Question

In which of the following reactions of $ {H_2}S{O_4} $ , sulphur retains its oxidation state?
(A) Reaction of dil. $ {H_2}S{O_4} $ with sulphur
(B) Reaction of conc. $ {H_2}S{O_4} $ with sulphur
(C) Reaction of conc. $ {H_2}S{O_4} $ with glucose
(D) Reaction of dil. $ {H_2}S{O_4} $ with zinc

Answer 1

Hint :The cumulative number of electrons that an atom absorbs or loses in order to form a chemical bond with another atom is referred to as the oxidation number, also known as the oxidation state.
The word "oxidation" was coined to describe the reaction of a product with oxygen. Far further, it was discovered that the compound loses electrons when oxidised, and the meaning was expanded to include all reactions in which the loss of electrons take place, regardless of whether oxygen is present.

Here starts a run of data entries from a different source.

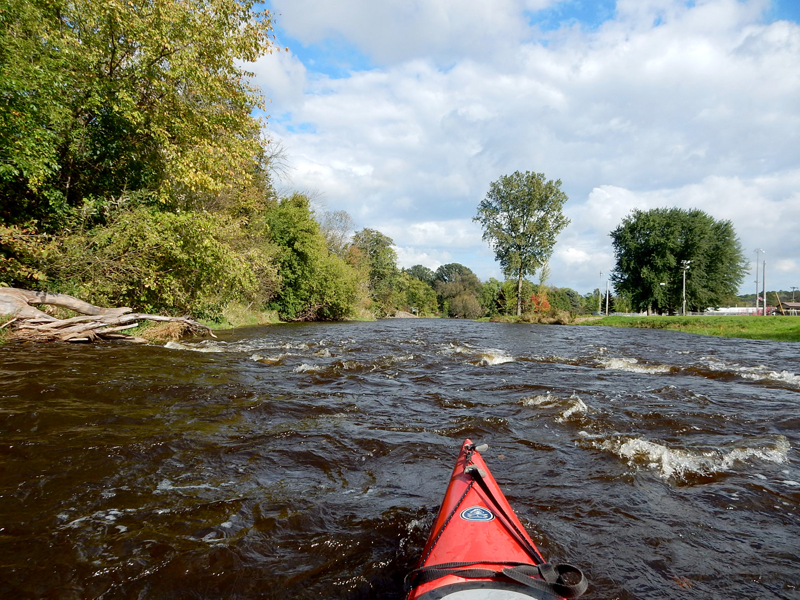 In the final two miles you’ll paddle under the Highway 33 bridge, another island that divides the river in two channels, some lovely weeping willows, a few houses, some power lines and one more marshy section. But then a modest ridge with tall conifers rises on the left bank as the river swings to the right. As it does so, riffles pick up again in earnest and will only intensify as you head into Newburg. Here too the landscape is recovering from a removed dam in 2013, discernible in the strangely flat, grassy left side that had been underwater for decades. Lively rapids engage you towards and below the Main Street (aka County Road MY) bridge. There is a dedicated access on the upstream side of the bridge, on river-right, but why would you want to forfeit that last huzzah of rapids? We continued on and just ran aground in the grass on the right bank, below the bridges, after the current subsided.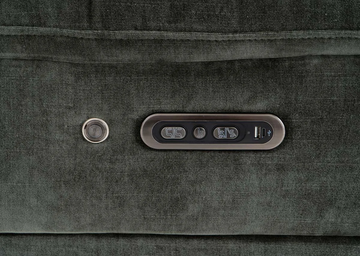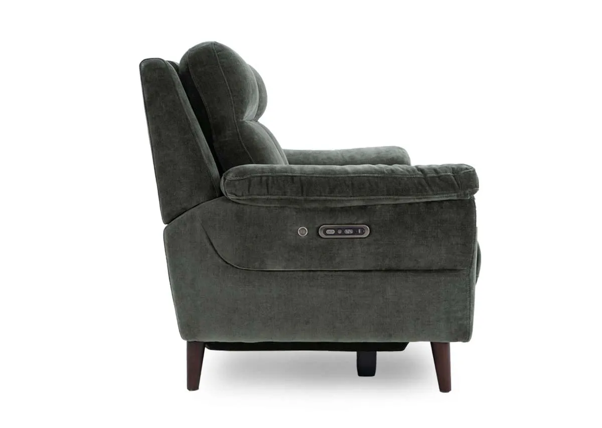 Contemporary in style but versatile in colour the Elliot Green Fabric Power Recliner is your perfect retreat for relaxation with heated seats.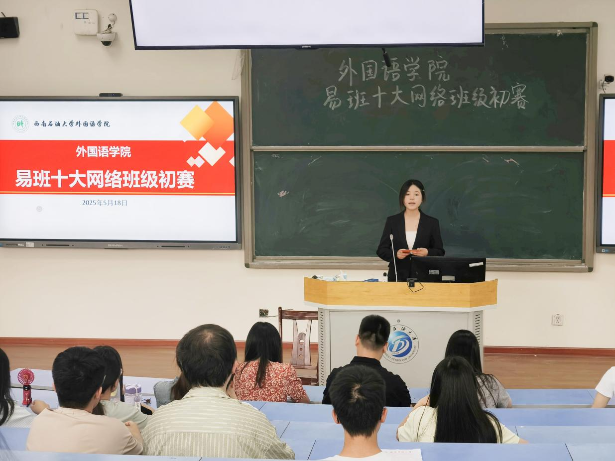 5月18日晚,我院2025年易班十大网络班级评选初赛在思学楼B210进行。辅导员李飞、史玉曦、陈泓利及百余名学生代表共同参加了本次活动,6个网络班级通过易班平台展开了数字化育人成果的精彩对决。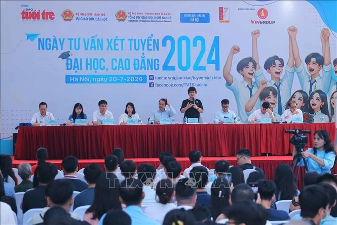 Các chuyên gia giải đáp những thắc mắc của thí sinh và phụ huynh tại "Ngày xét tuyển đại học, cao đẳng năm 2024". Ảnh: Hoàng Hiếu/TTXVN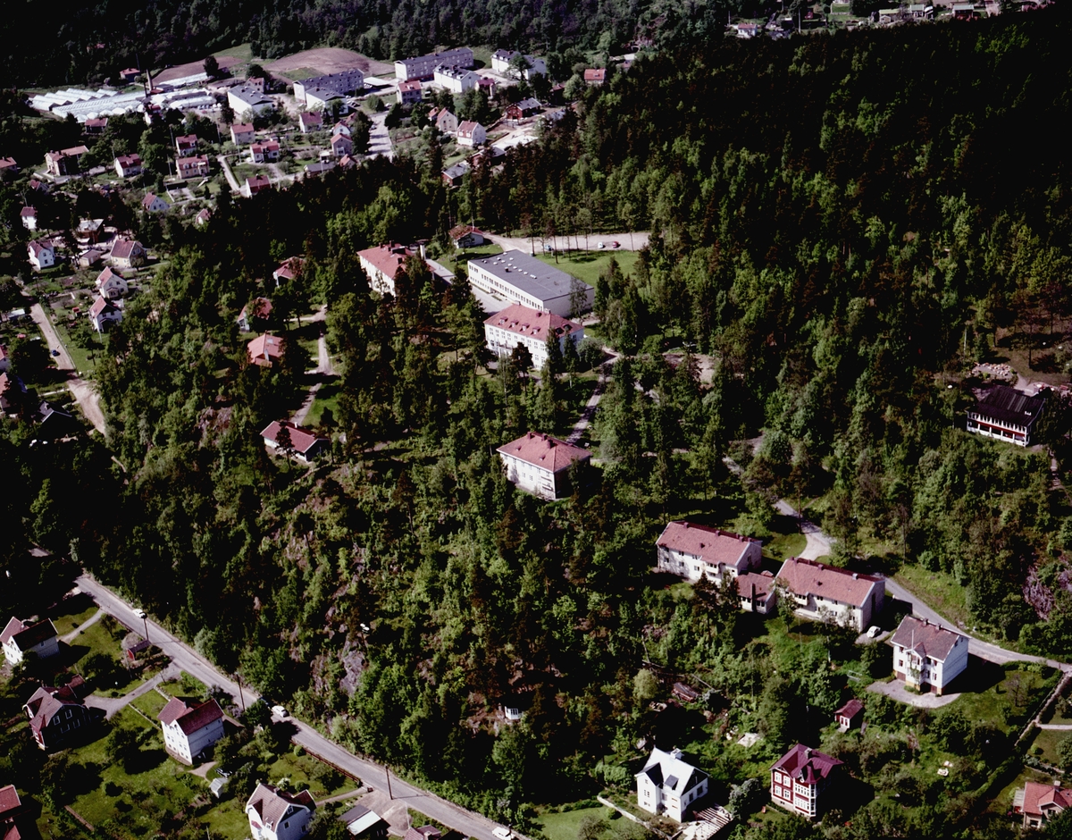 Flygfoto över Södra Vätterbygdens folkhögskola och området Mariebo i Jönköping. 1296/ 1967

Complete Step By Step Answer:
Sulphuric acid which has a molecular formula $ {H_2}S{O_4} $ , is a mineral acid which is made up of three elements: sulphur, oxygen, and hydrogen. It is commonly used in the production of chemicals, such as hydrochloric acid, pigments, dyes, nitric acid, sulphate salts and drugs. The oxidation of sulphur in $ {H_2}S{O_4} $ is $ + 6 $ .
The above question has multiple correct answers:
As dilute sulphuric acid interacts with Sulphur, the following happens:
 $ 2{H_2}S{O_4} + S \to 3S{O_2} + 2{H_2}O $
The oxidation state of sulphur changes from $ + 6 $ to $ + 4 $ in $ {H_2}S{O_4} $ . So, the oxidation state differs from sulphur , and it is a reduction which takes place. Similarly, when sulphur reacts with concentrated $ {H_2}S{O_4} $ , the oxidation state of sulphur in $ {H_2}S{O_4} $ differs.
As Conc. $ {H_2}S{O_4} $ interacts with glucose, the following reaction takes place:
 $ 6{H_2}S{O_4} + {C_6}{H_{12}}{O_6} \to 6C + 6{H_2}S{O_4} + {H_2}O $
In this case, $ {H_2}S{O_4} $ participates indirectly and is obtained as a combination of water and acid. In this combination, the oxidation state remains the same.
As dil. $ {H_2}S{O_4} $ interacts with Zinc, the following reaction takes place:
 $ Zn + {H_2}S{O_4} \to ZnS{O_4} + {H_2} $
Since, the oxidation state of sulphur in $ ZnS{O_4} $ is $ + 6 $ . The oxidation state of sulphur remains the same.
Thus, the correct options are options $ C $ and $ D $ .

Note :
The loss of electrons or an increase in the oxidation state of an atom, an ion, or any atoms in a molecule is referred to as oxidation. Reduction is the process by which an atom, an ion, or some atoms in a molecule gain electrons or decrease in their oxidation state.